# Here comes the Sun!



## TrumpetPower! (Jan 28, 2013)

This past summer, a ring of fire set over the Grand Canyon. I was there, at Lipan Point, attempting the hardest photographic challenge I've tried yet: to capture the experience of an annular solar eclipse over the Grand Canyon. I think I might have succeeded. At this resolution, the dot of the Moon is just barely visible in the composite, but at full size it's as visible as in the black-and-white crop.

The composite was shot on a 5DIII with the TS-E 24 II. Three masked frames from the seven-shot two-stop bracket make up most of the composite. Another two frames make up the black-and-white crop, which I then layered in with the rest with a bit of Photoshop reconstruction.

If anybody else has attempted to photograph the Sun and something else in the same frame, and managed to retain detail in both, I'd love to see it!

Cheers,

b&


----------



## RLPhoto (Jan 28, 2013)

I remember the solar eclipse last year. Ahh, it's was going to be sweet but it was cloudy.


----------



## sirjorj (Jan 28, 2013)

Here is the sun with Venus in the frame, though there is not much detail visible. 







The whole gallery is here: http://sirjorj.smugmug.com/Nature/Transit-of-Venus/23390171_g9DrpK#!i=1889116261&k=gNCddrk

Jorj


----------



## blaydese (Jan 28, 2013)

TrumpetPower!,

Most excellent pictures, I'd like to see more. Thanks for share.

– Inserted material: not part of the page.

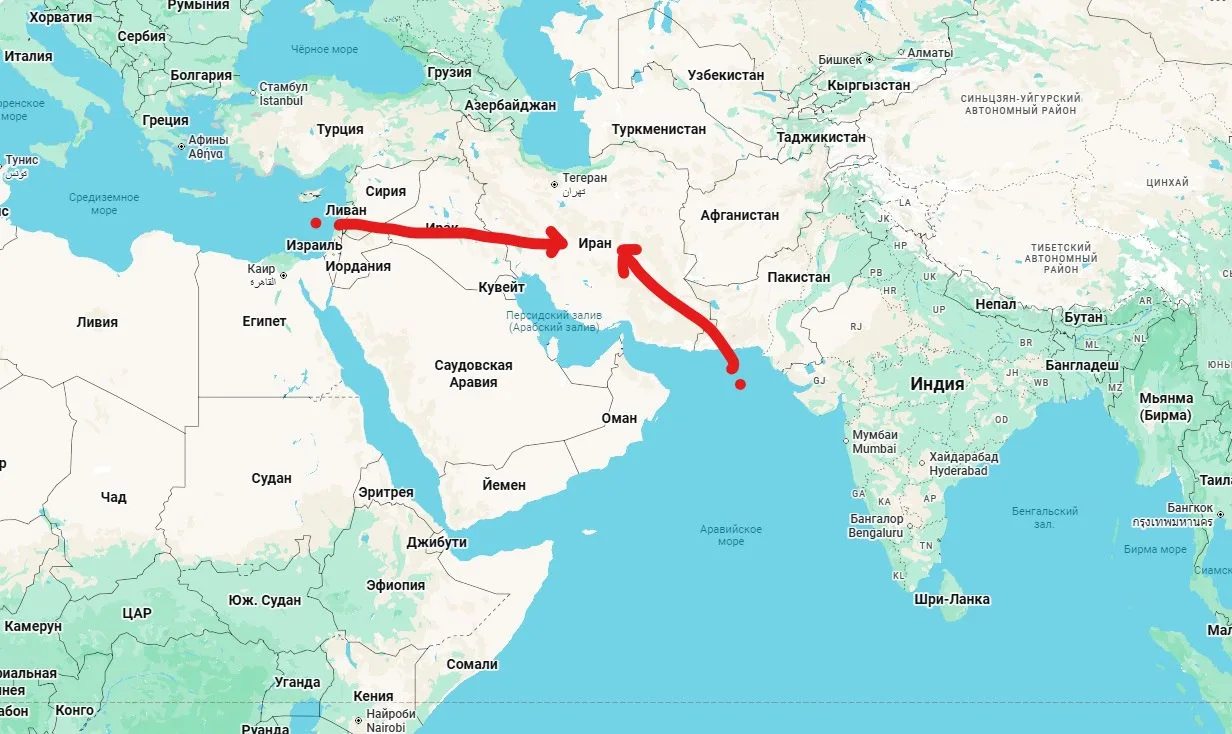 Таким образом, Иран может быть атакован с воздуха одновременно с двух сторон (схема, разумеется, примерная)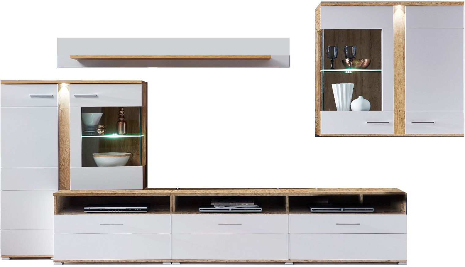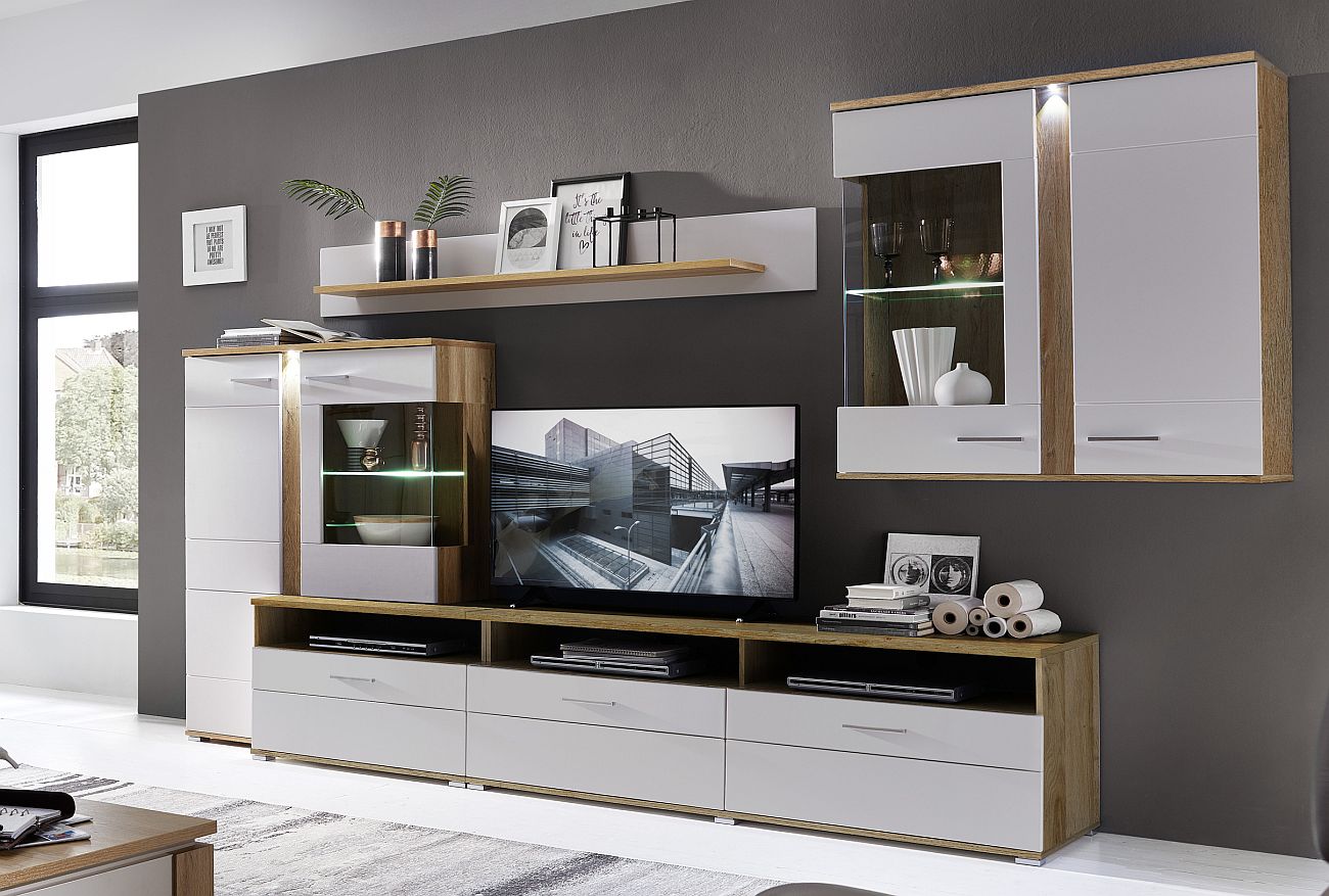 Σύνθεση Τηλεόρασης SOLO PINE 293x41x184cm Νορβηγικό Λευκό με φυσικό δρυ

I too got both the eclipse and the 
Transit of Venus, they were very very 
crappy pictures taken with a crappy Canon 
SX20, so I won't post the embarrassing pics..., 
but it was so cool to try.

Here is a CRAPPY shot of the moon a few nights ago...
I know it's blurry, it very hard to focus the telescope 
with the camera attached and I was running out of time, 
when I get my equipment back from the factory repair 
center, I'll have more time and my own equipment, this 
one was taken on a borrowed mount and tripod, so I 
had to make it quick. 






Here is Jupiter and the 4 Galilean moons. Again, VERY CRAPPY, but it was a real fast shot.





Peace! 8)


----------



## Rienzphotoz (Mar 4, 2013)

Interesting images


----------



## rpt (Mar 6, 2013)

blaydese said:


> TrumpetPower!,
> 
> Most excellent pictures, I'd like to see more. Thanks for share.
> 
> ...


Wow! What did you shoot Jupiter and its moons with? On iPad so can't see the Exif


----------



## @!ex (Mar 28, 2013)

Shot this a few years back when I was still on Pentax gear. I think it was a 5 shot bracket with 2 ev steps per shot at 450mm stopped way down.


----------



## blaydese (Apr 4, 2013)

@!ex said:


> Shot this a few years back when I was still on Pentax gear. I think it was a 5 shot bracket with 2 ev steps per shot at 450mm stopped way down.



Nice, you could probably still have some more fun with that shot.

Peace! 8)


----------



## J.R. (Apr 4, 2013)

I shot this with the old trusty 7D. Processed in LR.

You can barely make out the greens on the tree in the foreground.


----------



## blaydese (Apr 5, 2013)

Oh yeah, you can, that's cool. And very nice.

Peace! 8)


----------